# Norwegian: Hva koster det å bygge hus?



## DaniESP

Hello, I'm learning norwegian and I'm having a bit of trouble understanding this sentence and its structure.

"Hva" means how many, "koster" is the verb cost, "å bygge" means to build, and what about "det"? What's its function? Shouldn't "hus" be in plural?

Thanks, takk skal du ha.


----------



## JonTve

Hva translates to What in English so the translation of the sentens would be : What is the cost to build a house.


----------



## Ben Jamin

Or, literally: "What does it cost to build (a) house", where "det" means "it". By the way, the plural of "hus" is also "hus".


----------



## DaniESP

Ben Jamin said:


> Or, literally: "What does it cost to build (a) house", where "det" means "it". By the way, the plural of "hus" is also "hus".


Oh, okay, so "det" is a structure thing? Then I guess this kind of sentence always is followed by det or den? 
Thank you!


----------



## Ben Jamin

DaniESP said:


> Oh, okay, so "det" is a structure thing? Then I guess this kind of sentence always is followed by det or den?
> Thank you!


"Det" is a part of the compund sentence _subject _which is "det å bygge hus".


----------



## Dan2

DaniESP said:


> "Hva" means how many


As JonTve said it means "what".  But in English, and we see here in Norwegian, in connection with the verb _cost/koste_, it can be interpreted as "how _much_".


DaniESP said:


> what about "det"? What's its function?


Since your English seems quite good, compare to English "What does *it *cost to build a house?".  We like to have an explicit subject pronoun, even if it doesn't carry much meaning.


DaniESP said:


> Shouldn't "hus" be in plural?


"hus" is also plural, as Ben Jamin said.  One-syllable neuter nouns tend to remain unchanged in the plural.

Now I have a question: Do we know for certain that "*a *house" is meant?  For ex., if I visited Norway I might want to ask the general question, "What does it cost to build houses here?"


----------



## raumar

I agree with the others: this means "*a* house". Let us replace "hus" with "hytte" (so that the singular and plural forms are different), and see what happens:

_Hva koster det å bygge hytte?  - _This works well as a general question.
_Hva koster det å bygge ei hytte?  _- This would also be correct, and the meaning is almost the same.
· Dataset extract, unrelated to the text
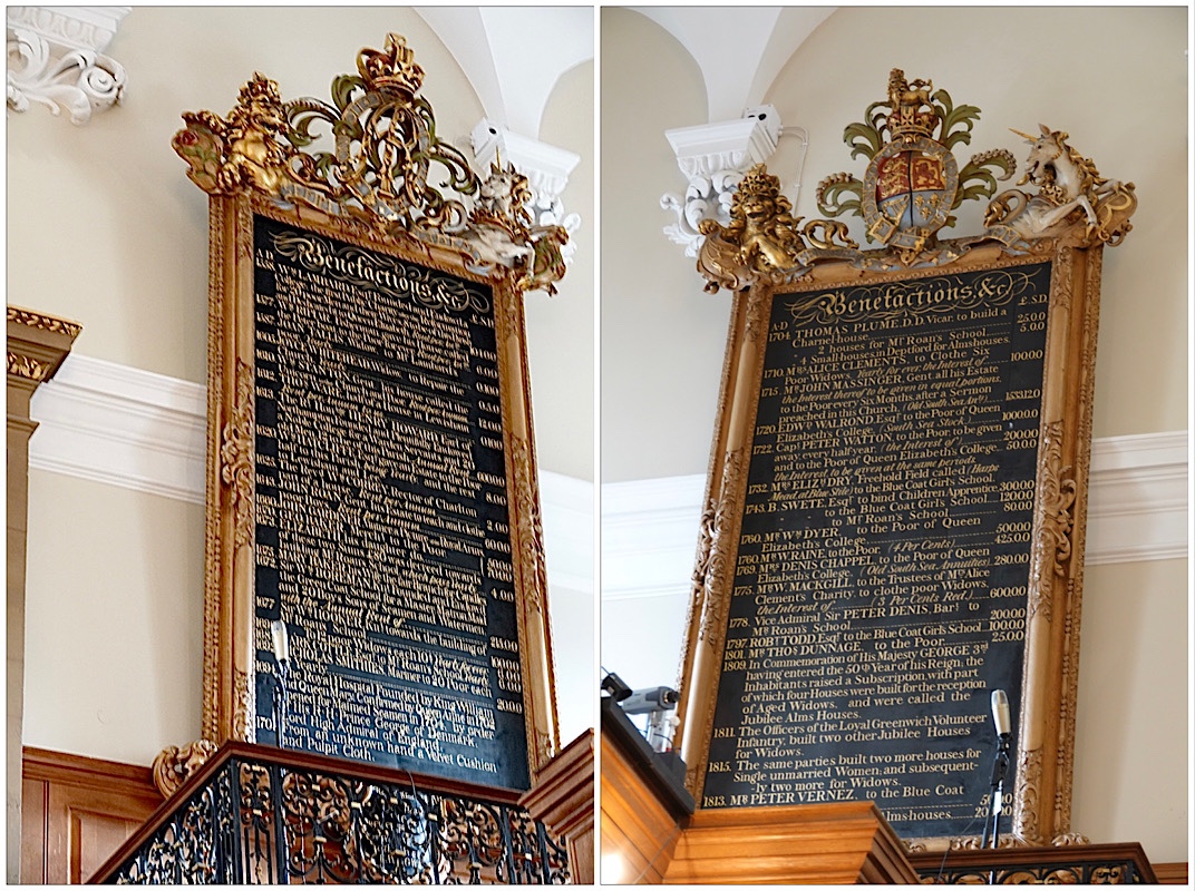 At the front of the church are two huge wooden plaques with the names of benefactors dating back to 1613, showing the donor’s name, amount given, and use to which the money was put (almshouses, schools, homes for unmarried mothers and widows, mariners pensions, etc, or sometimes simply “to the poor”). Many of the buildings that were funded still exist. The biggest donation was £600 in 1613 by the Rt. Hon. Henry Howard. In 2015 money (according to the church’s brochure) that was the equivalent of £32M/$36 million USD/$48 million CAD.

But it looks a bit more specific, and could be used in a conversation about a specific type of cabin, for example.
_Hva koster det å bygge hytter? _- Well, I suppose it is possible to say this as well. But because of the plural, I would rather interpret this as "What does it cost to build several cabins?" (and that would be a strange question to ask).
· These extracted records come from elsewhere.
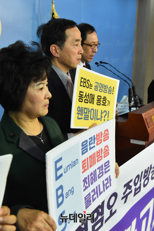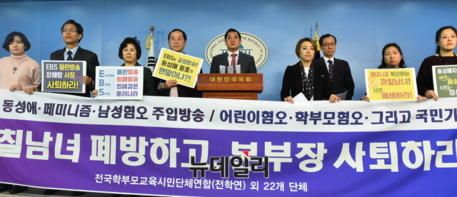 과학기술정보방송통신위원회 박대출 자유한국당 간사와 전국학부모교육시민단체연합 외 22개 단체 관계자들이 15일 오전 국회 정론관에서 'EBS 까칠남녀' 프로그램이 동성애를 미화하고 성행위를 묘사했다며 폐지촉구 공동 기자회견을 하고 있다.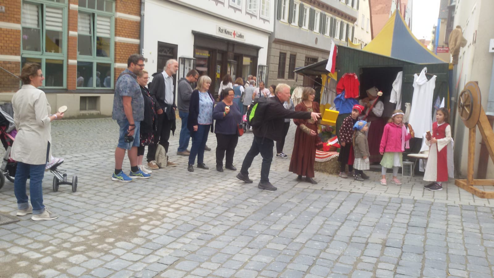 Am Stand des DEF, wie ein Zelt auf einem mittelalterlichen Jahrmarkt in den Farben einer freien Reichsstadt Schwarz und Gold aufgemacht, herrschte reges Treiben von Alt und Jung. Es bildeten sich sogar Schlangen. Holzspielzeuge sorgten für Kurzweil beim Publikum. Es drehte sich ein hölzernes Glücksrad. Und beim eigens hergestellten historischen Wurfspiel waren ein gutes Auge und Geschicklichkeit gefragt. Den Gewinnern winkte als Preis ein jeweils gern genommener prächtiger Apfel. Das Wichtigste aber waren das Vergnügen und die Gemeinschaft. Sicher hat der gute Auftritt dem Frauenbund Nördlingen wieder neue Freundinnen und Freunde gewonnen.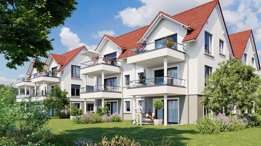 Die Häuser mit jeweils nur 6 individuellen Wohnungen befinden sich in einer sehr ruhigen Gartenlandschaft auf dem Gelände eines ehemaligen Autohauses, angrenzend an Weinreben und ganz in der Nähe der historischen Altstadt von Freinsheim.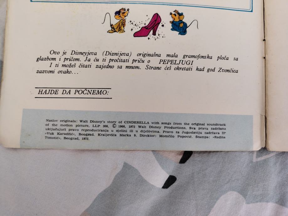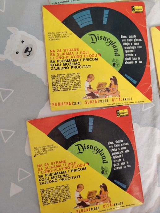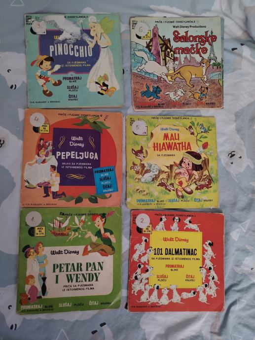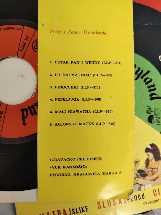 kolekcije pod nazivom "Priče i pjesme Disneylanda". Izdala ih je nakladnička kuća Vuk Karadžić u Jugoslaviji. Svaka slikovnica sadrži priču na 24 stranice i prateću singl gramofonsku ploču (long play 33 1/3) s pjesmama i pričom iz istoimenog Disneyevog filma.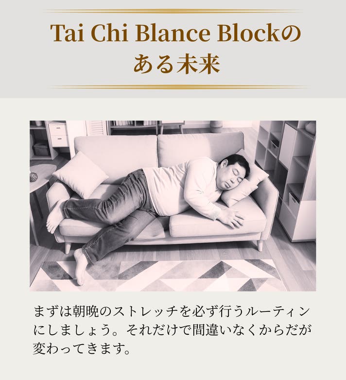 Tai Chi Blance Blockは、1台でストレッチ・トレーニング・セルフリハビリ、使わない時はインテリアとして使用できる現代の日本の家庭には理想のツールだと自負しております。

I am not quite sure how to explain this, but I think we can say that "_å bygge hytte_" refers to the general concept of "building a cabin".



Ben Jamin said:


> "Det" is a part of the compund sentence _subject _which is "det å bygge hus".



I am not so sure about this. If this is parallel to the English "What does it cost to build a house?", I suppose that "it/det" and ""to build a house/å bygge hus" are separate parts of the sentence structure. But I don't know much about grammar - maybe somebody can explain this?


----------



## Svenke

The most probable reading of
_Hva koster det å bygge hus_
has _det _as a formal subject and _å bygge hus_ as a potential subject (to use translations of the terms of the Norwegian reference grammar),
'What does it cost to build a house?'.
In this case, _det _is unstressed, and it does not go together with _å bygge hus_.

It is also possible to give the sentence another reading, where _det å bygge hus_ is one sentence part. In this case, det is stressed, and the sentence is more naturally translated as
'What does building a house cost?'. In this sentence, _det å bygge hus_ is the only subject.
_det å bygge hus_ is literally 'that to build house', or more explicitly 'the process (etc.) of building a house.

So Raumar's reading is most likely, but Ben Jamin's is also possible.

Svenke


----------



## raumar

Thanks, Svenke. That makes sense!


----------